Compressive Mapping for Next-Generation Sequencing

To the Editor

The analysis and storage of ever-increasing amounts of sequencing data present a huge computational challenge for the genomics community¹. However, only a small proportion of this sequence information varies between individuals, and it is this variation that we hope to identify and understand. Recently, compressive genomics has been introduced as a way of improving the accuracy and efficiency of searching large sequencing databases². Compressive genomics removes redundancies in genomic sequences and enables compressed data to be analyzed directly—facilitating parsimonious storage and fast access. This approach has been shown to accelerate the performance of standard search tools, such as BLAST and BLAT². Although some read-mapping tools also remove redundancies in the reference genome to facilitate mapping individual reads^{3, 4, 5}, they do not take full advantage of the redundancy across reads present in large sequencing data sets, which are often much larger and more redundant than the reference genome itself⁶ (Supplementary Figure S1a).

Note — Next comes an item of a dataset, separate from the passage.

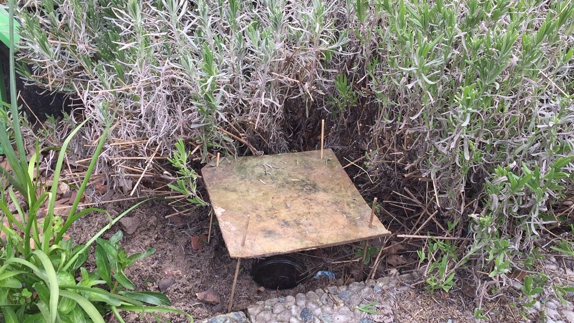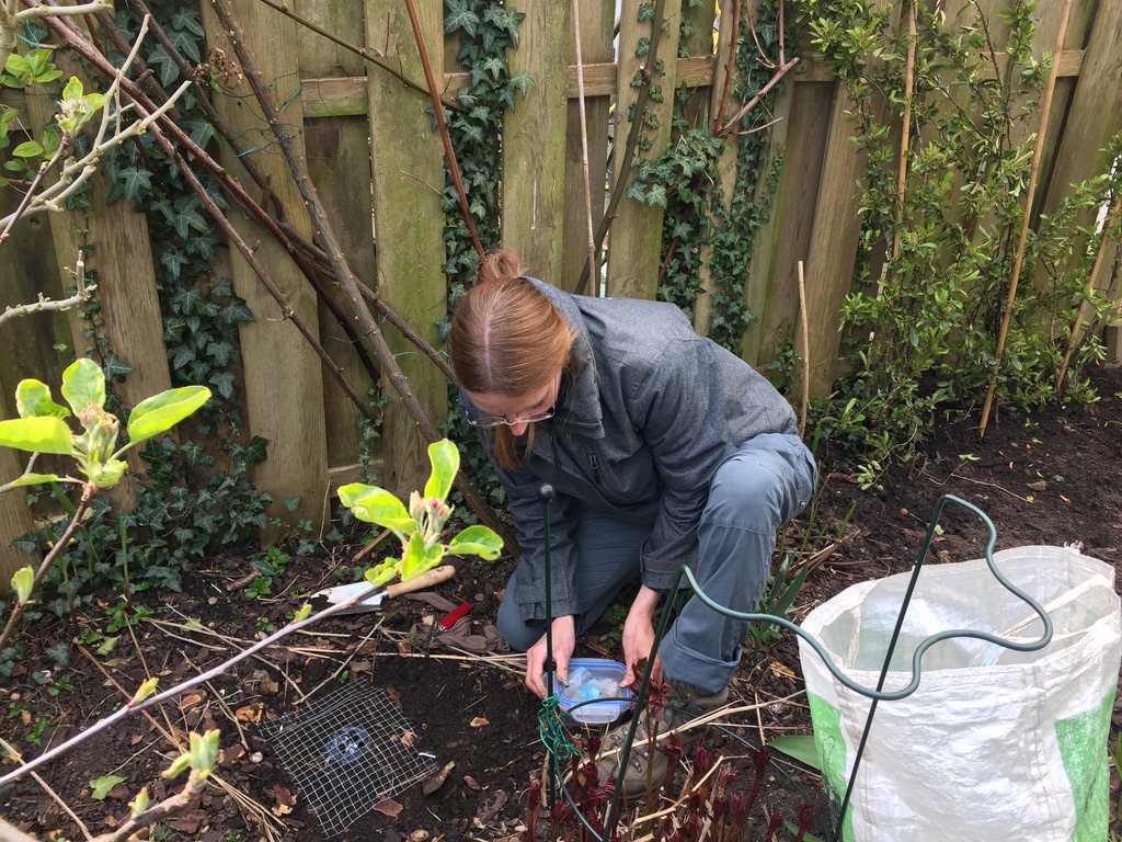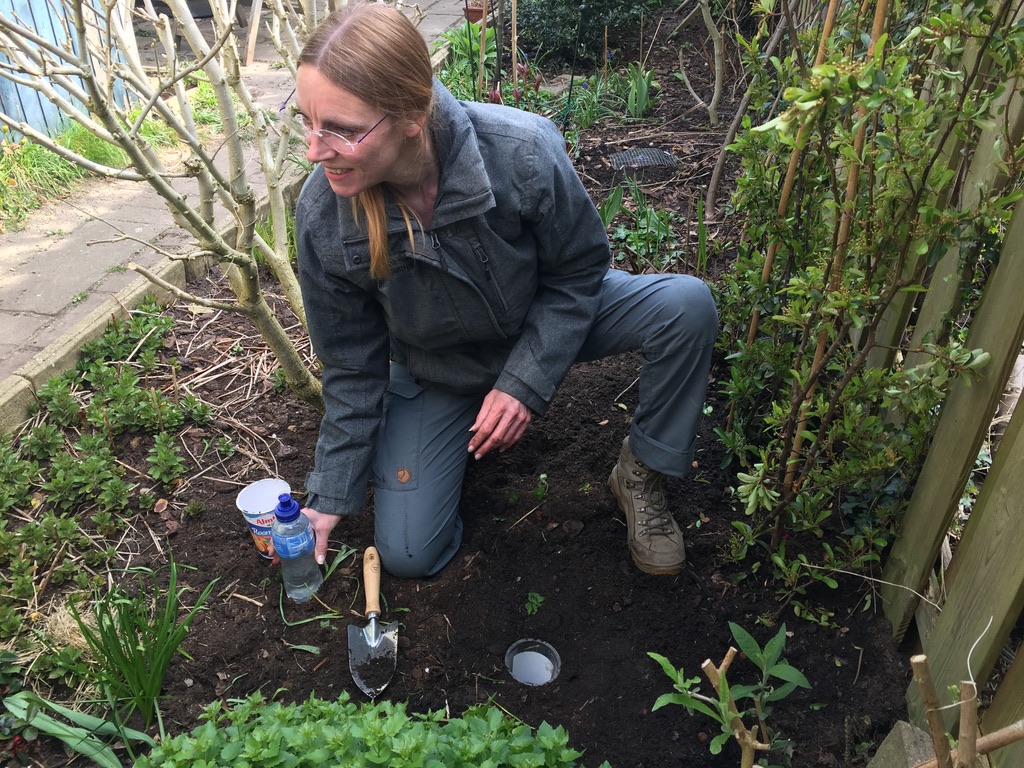 Aglaia Bouma is ondertussen druk in de weer om vier insectenvallen te plaatsen. Een gat graven zodat de beestjes er vanzelf invallen en niet een heuveltje hoeven te beklimmen. “Dan draaien ze om en nemen een andere route. Het aas stop ik in een panty, dan blijft het op zijn plek en komt de geur toch goed vrij.” Ze waarschuwt Antje nog even voor de stank. Bovenop de val komt een stukje gaas. Zo moet de val veilig zijn voor aanvallen van katten en de kraaien.

In this correspondence, we report the development of CORA (compressive read-mapping accelerator; Supplementary Software and http://cora.csail.mit.edu)—a computational tool that utilizes compressive acceleration to boost the performance of existing read mappers^{3, 4, 7} (Supplementary Figure S1b). CORA takes as input a sequencing read data set in FASTQ format and an off-the-shelf read-mapper. The read data sets are compressed into mid-size (typically ~30-60 bp) k-mer sets that contain only nonredundant sequence information. These representative k-mers are then mapped onto the reference genome using the existing read-mapper by means of a plug-in architecture. A high-resolution homology table is created for the reference sequence by mapping the reference to itself. The homology table contains all homologous pairs of loci in the reference above a similarity threshold, allowing fast, direct access to similar locations in the reference during mapping. The resulting mappings are outputted to a SAM file that can be readily integrated into existing sequence analysis pipelines.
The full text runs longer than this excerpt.